■ To do ■
What you return should be only the lines in the entries below between the one holding "Acorns Playing Together" and the one holding "Θήκη δερμάτινου πληκτρολογίου", ends included, with every picture left out.
(Input begins)
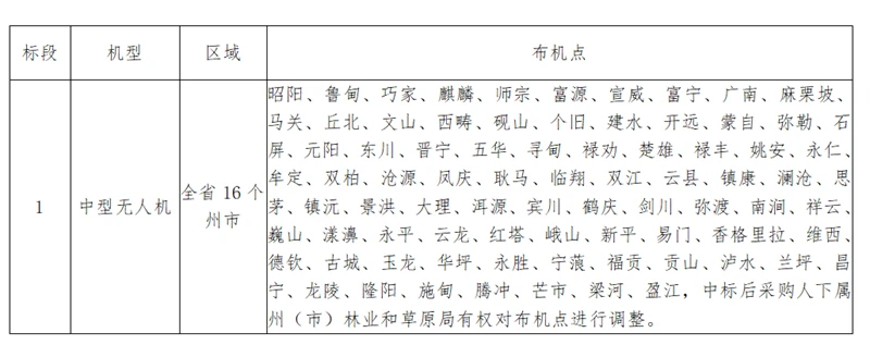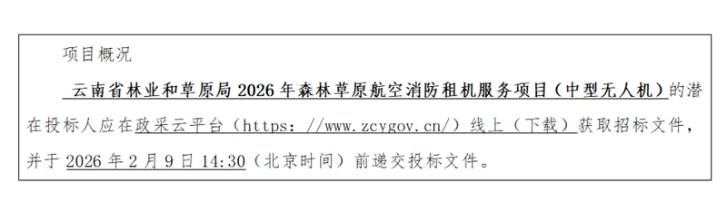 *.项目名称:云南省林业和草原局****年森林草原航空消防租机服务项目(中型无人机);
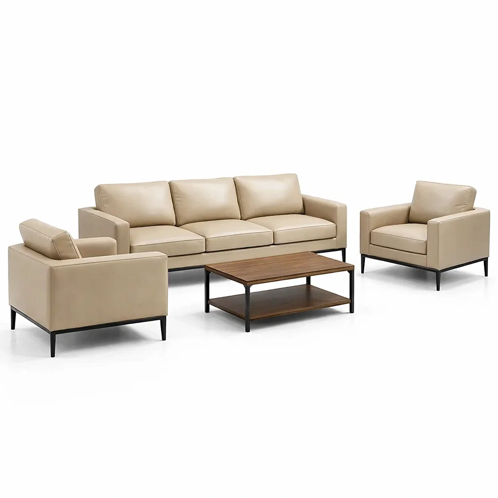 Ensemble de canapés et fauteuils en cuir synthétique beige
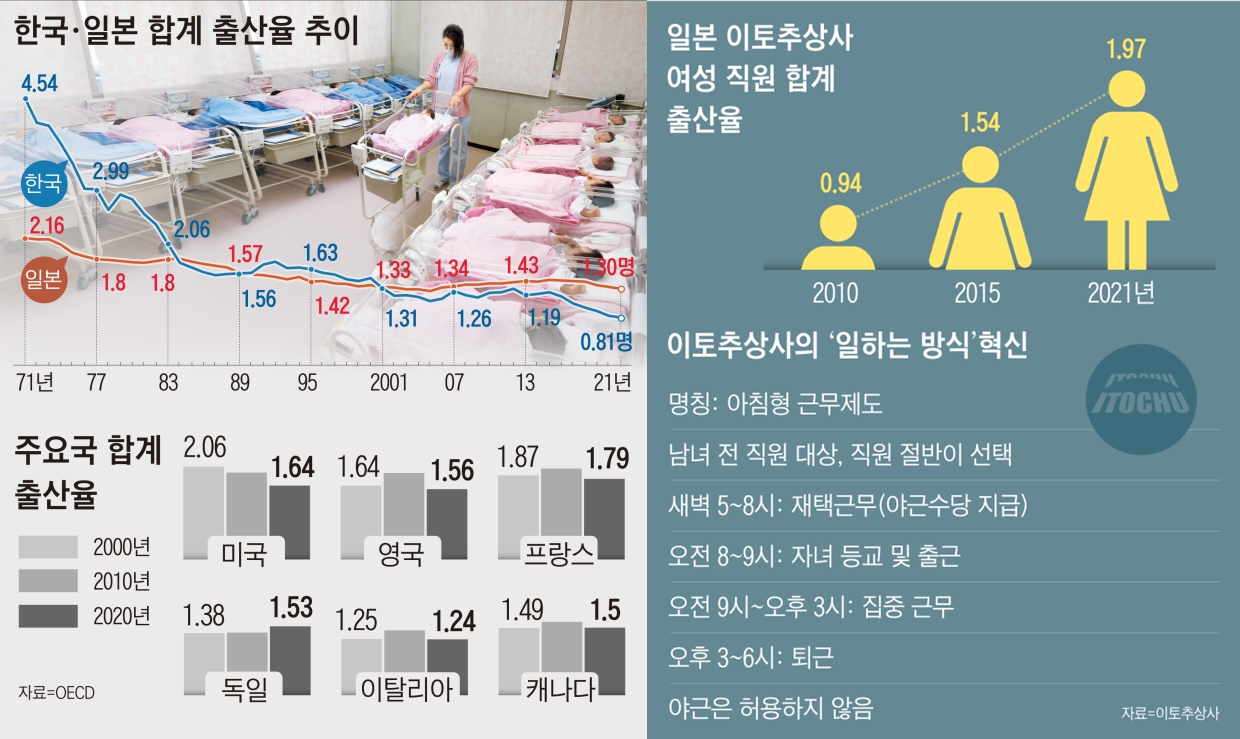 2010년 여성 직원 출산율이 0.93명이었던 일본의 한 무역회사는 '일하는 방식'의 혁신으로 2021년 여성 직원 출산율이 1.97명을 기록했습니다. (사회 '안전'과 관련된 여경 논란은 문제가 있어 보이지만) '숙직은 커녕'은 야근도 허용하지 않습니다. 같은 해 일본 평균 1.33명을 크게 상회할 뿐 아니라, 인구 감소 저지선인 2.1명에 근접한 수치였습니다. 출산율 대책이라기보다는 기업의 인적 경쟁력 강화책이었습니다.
(Input ends)
(Input begins)
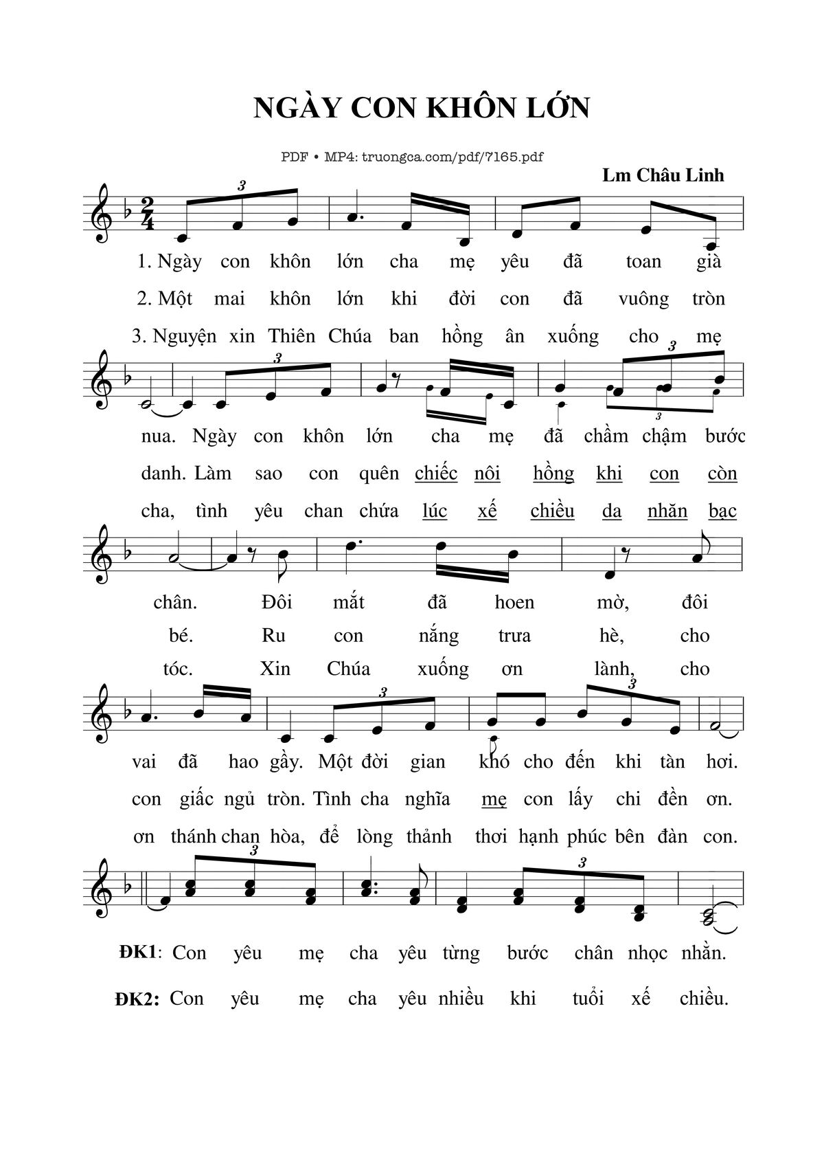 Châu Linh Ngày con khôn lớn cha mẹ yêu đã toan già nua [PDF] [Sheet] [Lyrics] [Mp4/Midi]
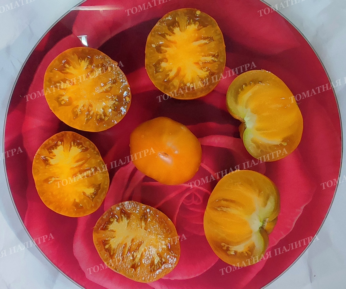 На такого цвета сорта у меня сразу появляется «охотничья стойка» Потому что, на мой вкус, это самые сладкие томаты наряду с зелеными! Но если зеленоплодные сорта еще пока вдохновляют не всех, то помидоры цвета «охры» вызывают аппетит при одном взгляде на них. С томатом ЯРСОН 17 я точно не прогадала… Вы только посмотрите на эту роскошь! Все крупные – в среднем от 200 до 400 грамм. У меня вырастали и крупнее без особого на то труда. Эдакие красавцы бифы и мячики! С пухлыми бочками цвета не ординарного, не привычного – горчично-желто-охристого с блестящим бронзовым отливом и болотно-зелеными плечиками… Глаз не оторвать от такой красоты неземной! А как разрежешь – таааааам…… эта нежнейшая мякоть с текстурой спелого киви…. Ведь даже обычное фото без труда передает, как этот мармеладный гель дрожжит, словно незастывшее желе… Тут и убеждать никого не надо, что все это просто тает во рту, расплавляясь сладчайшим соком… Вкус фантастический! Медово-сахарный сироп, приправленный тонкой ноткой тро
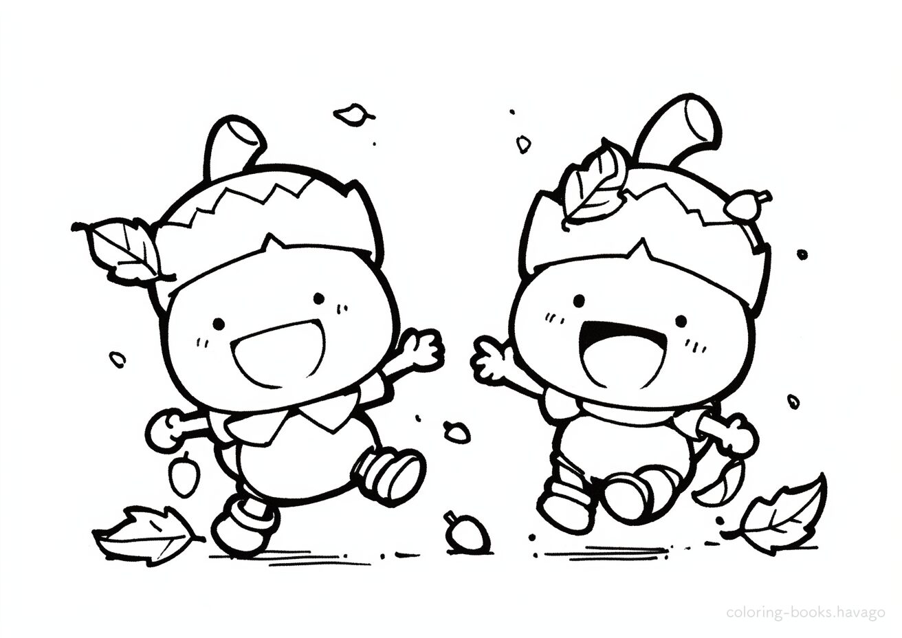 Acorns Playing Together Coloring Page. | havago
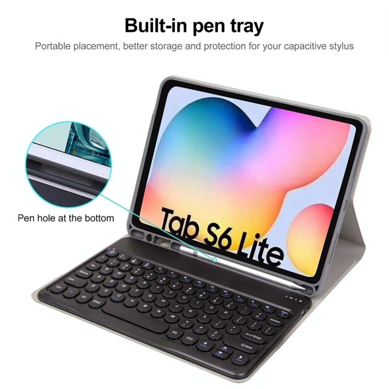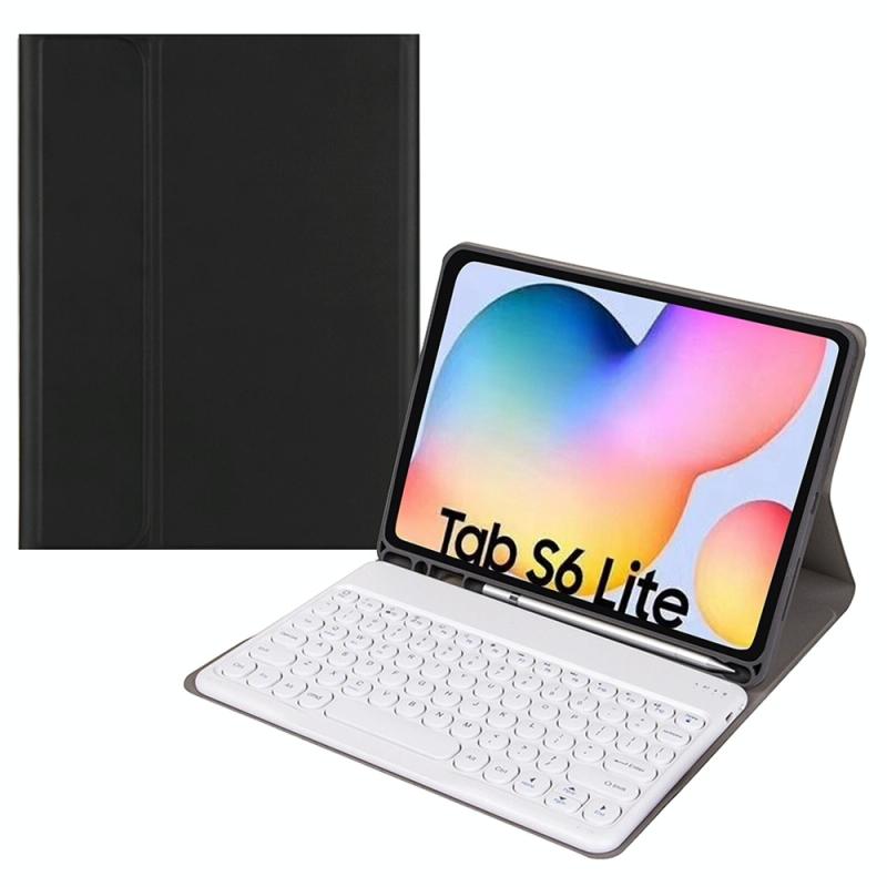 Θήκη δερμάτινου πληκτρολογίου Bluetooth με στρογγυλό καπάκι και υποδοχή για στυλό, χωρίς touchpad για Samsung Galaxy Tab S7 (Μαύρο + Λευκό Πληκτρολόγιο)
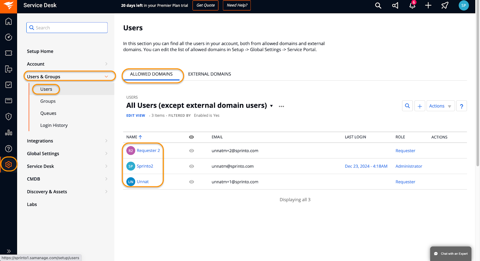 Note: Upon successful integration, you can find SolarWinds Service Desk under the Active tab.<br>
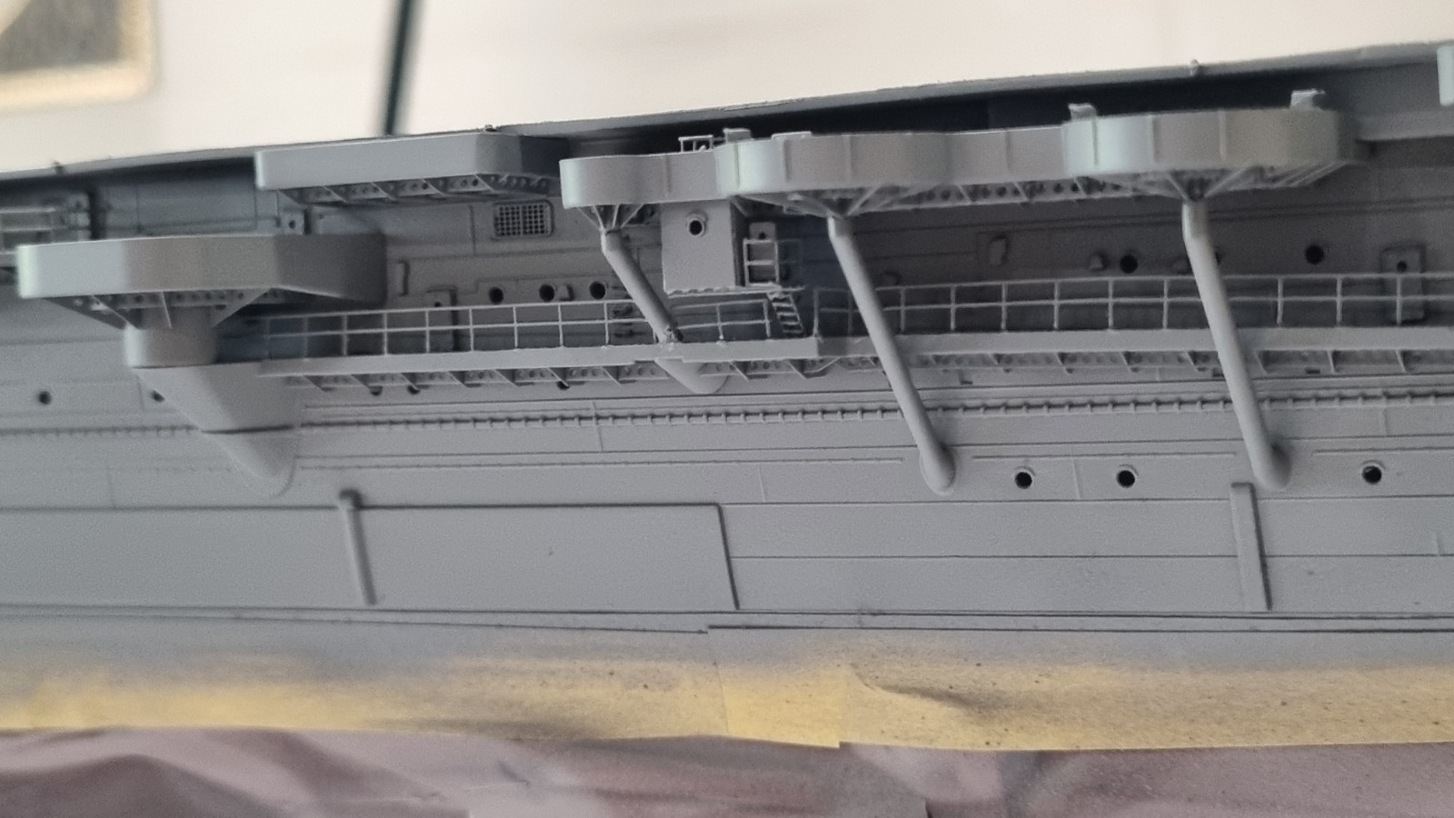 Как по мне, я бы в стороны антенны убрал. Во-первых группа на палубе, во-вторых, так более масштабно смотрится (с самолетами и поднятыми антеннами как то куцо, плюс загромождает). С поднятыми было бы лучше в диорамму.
(Input ends)
■ Answer for the task ■
 Acorns Playing Together Coloring Page. | havago
 Θήκη δερμάτινου πληκτρολογίου Bluetooth με στρογγυλό καπάκι και υποδοχή για στυλό, χωρίς touchpad για Samsung Galaxy Tab S7 (Μαύρο + Λευκό Πληκτρολόγιο)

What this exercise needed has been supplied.